> Task brief
Omit the pictures and copy the entries exactly.

> Data extract

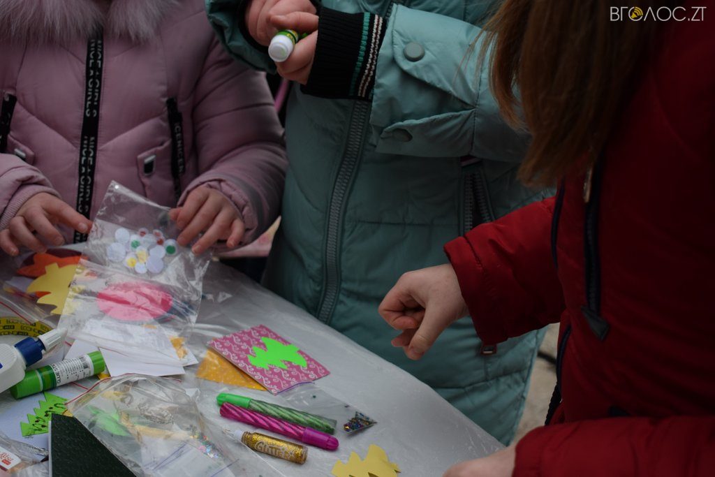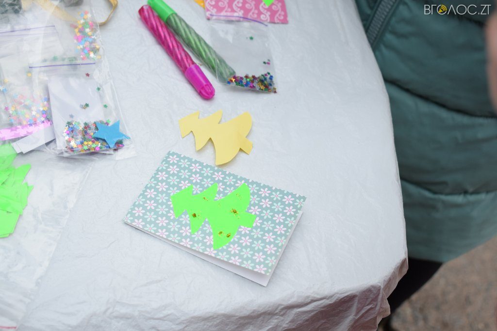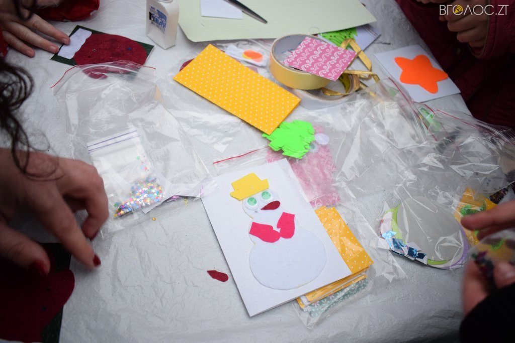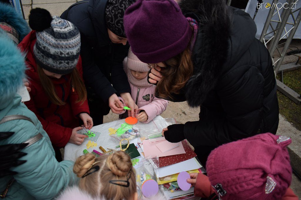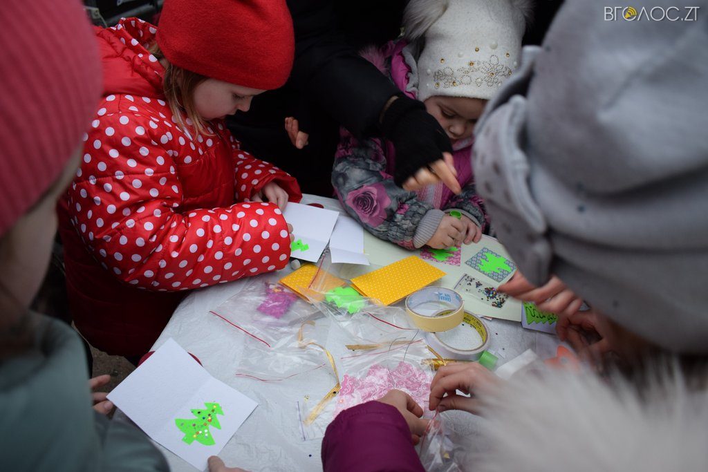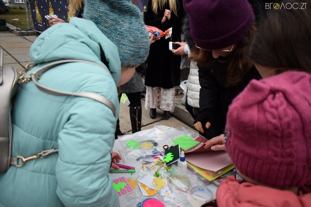 Діти проходили чудовий квест, виконували різноманітні завдання, танцювали, водили хороводи. На майданчику діяла «Фабрика новорічних ідей», де малеча могла зробити чудові поробки на ялинку та листівки.
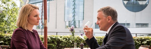 Donnerwetter. Dialogzeilen sind das, Aaron Sorkin würde wohl eher das Tipp-Ex aussaufen, als sie niederzuschreiben. Doch die Einfachheit und Borniertheit sind hier Konzept. Völlig unmöglich ist also auch, dass die Freund- und Feindschaften und persönlichen Verflechtungen in dieser Serie aus politischen Anschauungen, strategischen Konstellationen oder einer intellektuellen Sympathie erwachsen. Stattdessen muss der Konflikt zwischen der führenden Abgeordneten Blumenthal und dem hinterlistigen Wirtschaftsminister dadurch unterfüttert werden, dass die Beiden eine alte Bettgeschichte verbindet.
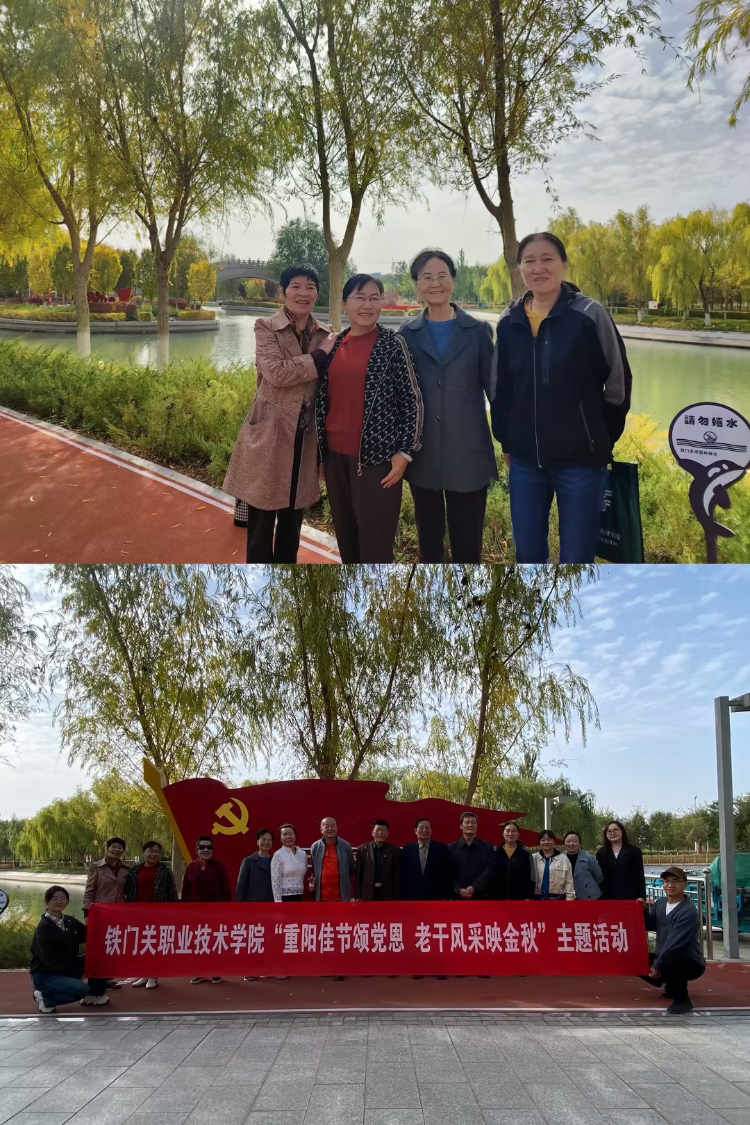 来到铁门关市将军河畔的雄关驿站,一路漫步至关楼,河边的景观带内绿树环绕、碧波荡漾,空气清新、秋色宜人。大家一边畅聊生活趣事,一边尽情领略这座军垦之城的美好风貌,时而驻足拍照留念,沿路洒下阵阵欢声笑语。
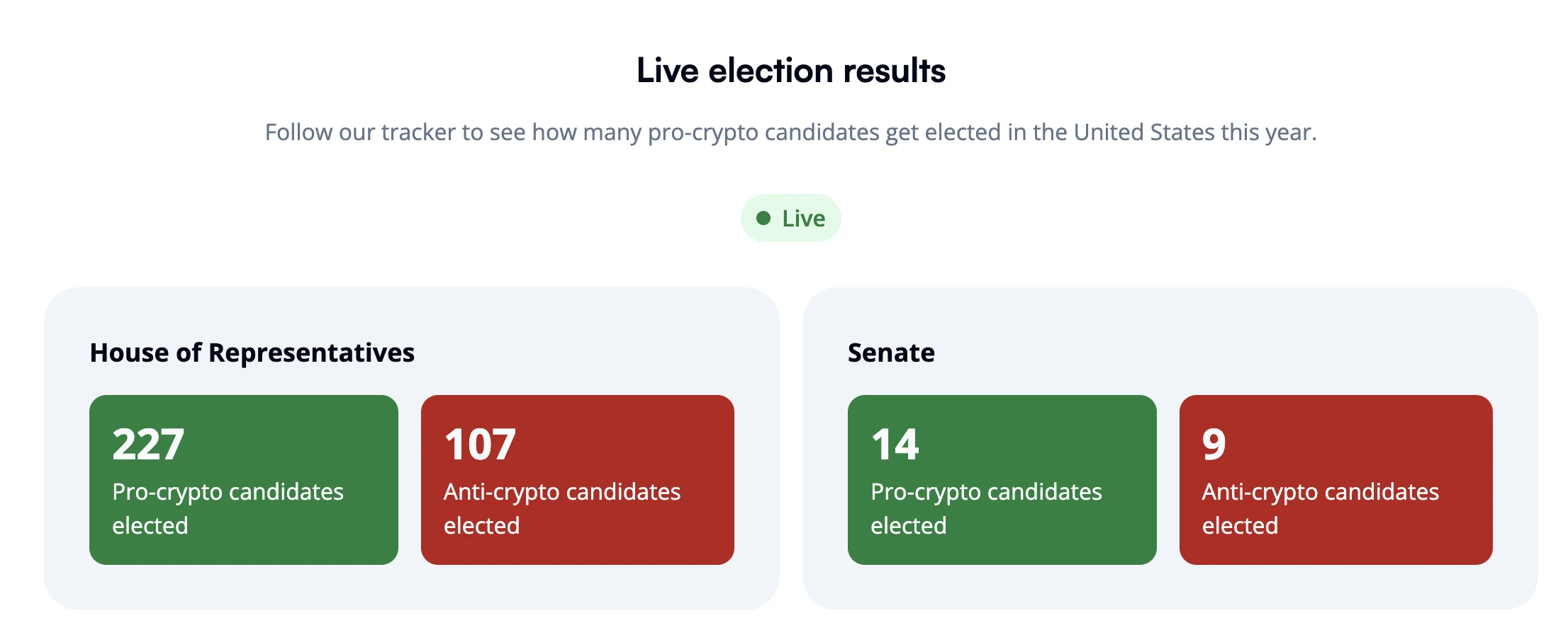 据 StandWithCrypto 官网 显示, 截至撰稿时,目前当选的参议员和众议员中,支持加密货币的候选人数量分别为 14 人和 227 人,远超反对派人士数量。
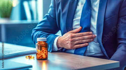 Businessman suffering stomach ache holding hand on painful abdomen at work
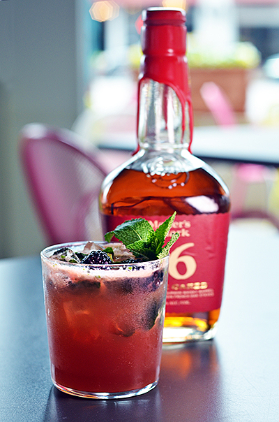 Maker's Mark 46, blackcurrant liqueur, lime juice, agave, 5 mint leaves - muddled, 1 lime - muddled and topped with ginger beer.
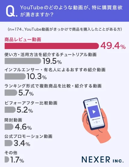 1位は商品レビュー動画でした。49.4%で圧倒的に1位です。
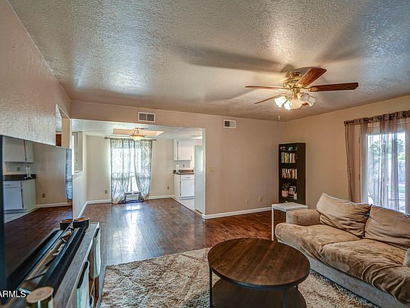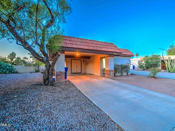 You'll fall in love with this charming home located in Camelot Golf Club Estates close to 202, hospitals, shopping, golf, and amazing hiking trails. Low HOA fees equate to less than $20 monthly! Split floor plan with Master and 2nd bedroom/den on opposite ends of home. Spacious master bedroom with walk in closet and bathroom. Stacked inside laundry. Separate dining area off the kitchen is open to the great room looking out onto a private patio and backyard with artificial grass area (no mowing!), mature trees and small garden. One car carport and driveway easily fit two vehicles and the carport has a built-in storage area. Home interior was freshly painted 2 years ago and wood-like vinyl flooring and tile is in great condition. This home is priced right and move-in ready - don't dela

> Written reply
 Діти проходили чудовий квест, виконували різноманітні завдання, танцювали, водили хороводи. На майданчику діяла «Фабрика новорічних ідей», де малеча могла зробити чудові поробки на ялинку та листівки.
 Donnerwetter. Dialogzeilen sind das, Aaron Sorkin würde wohl eher das Tipp-Ex aussaufen, als sie niederzuschreiben. Doch die Einfachheit und Borniertheit sind hier Konzept. Völlig unmöglich ist also auch, dass die Freund- und Feindschaften und persönlichen Verflechtungen in dieser Serie aus politischen Anschauungen, strategischen Konstellationen oder einer intellektuellen Sympathie erwachsen. Stattdessen muss der Konflikt zwischen der führenden Abgeordneten Blumenthal und dem hinterlistigen Wirtschaftsminister dadurch unterfüttert werden, dass die Beiden eine alte Bettgeschichte verbindet.
 来到铁门关市将军河畔的雄关驿站,一路漫步至关楼,河边的景观带内绿树环绕、碧波荡漾,空气清新、秋色宜人。大家一边畅聊生活趣事,一边尽情领略这座军垦之城的美好风貌,时而驻足拍照留念,沿路洒下阵阵欢声笑语。
 据 StandWithCrypto 官网 显示, 截至撰稿时,目前当选的参议员和众议员中,支持加密货币的候选人数量分别为 14 人和 227 人,远超反对派人士数量。
 Businessman suffering stomach ache holding hand on painful abdomen at work
 Maker's Mark 46, blackcurrant liqueur, lime juice, agave, 5 mint leaves - muddled, 1 lime - muddled and topped with ginger beer.
 1位は商品レビュー動画でした。49.4%で圧倒的に1位です。
 You'll fall in love with this charming home located in Camelot Golf Club Estates close to 202, hospitals, shopping, golf, and amazing hiking trails. Low HOA fees equate to less than $20 monthly! Split floor plan with Master and 2nd bedroom/den on opposite ends of home. Spacious master bedroom with walk in closet and bathroom. Stacked inside laundry. Separate dining area off the kitchen is open to the great room looking out onto a private patio and backyard with artificial grass area (no mowing!), mature trees and small garden. One car carport and driveway easily fit two vehicles and the carport has a built-in storage area. Home interior was freshly painted 2 years ago and wood-like vinyl flooring and tile is in great condition. This home is priced right and move-in ready - don't dela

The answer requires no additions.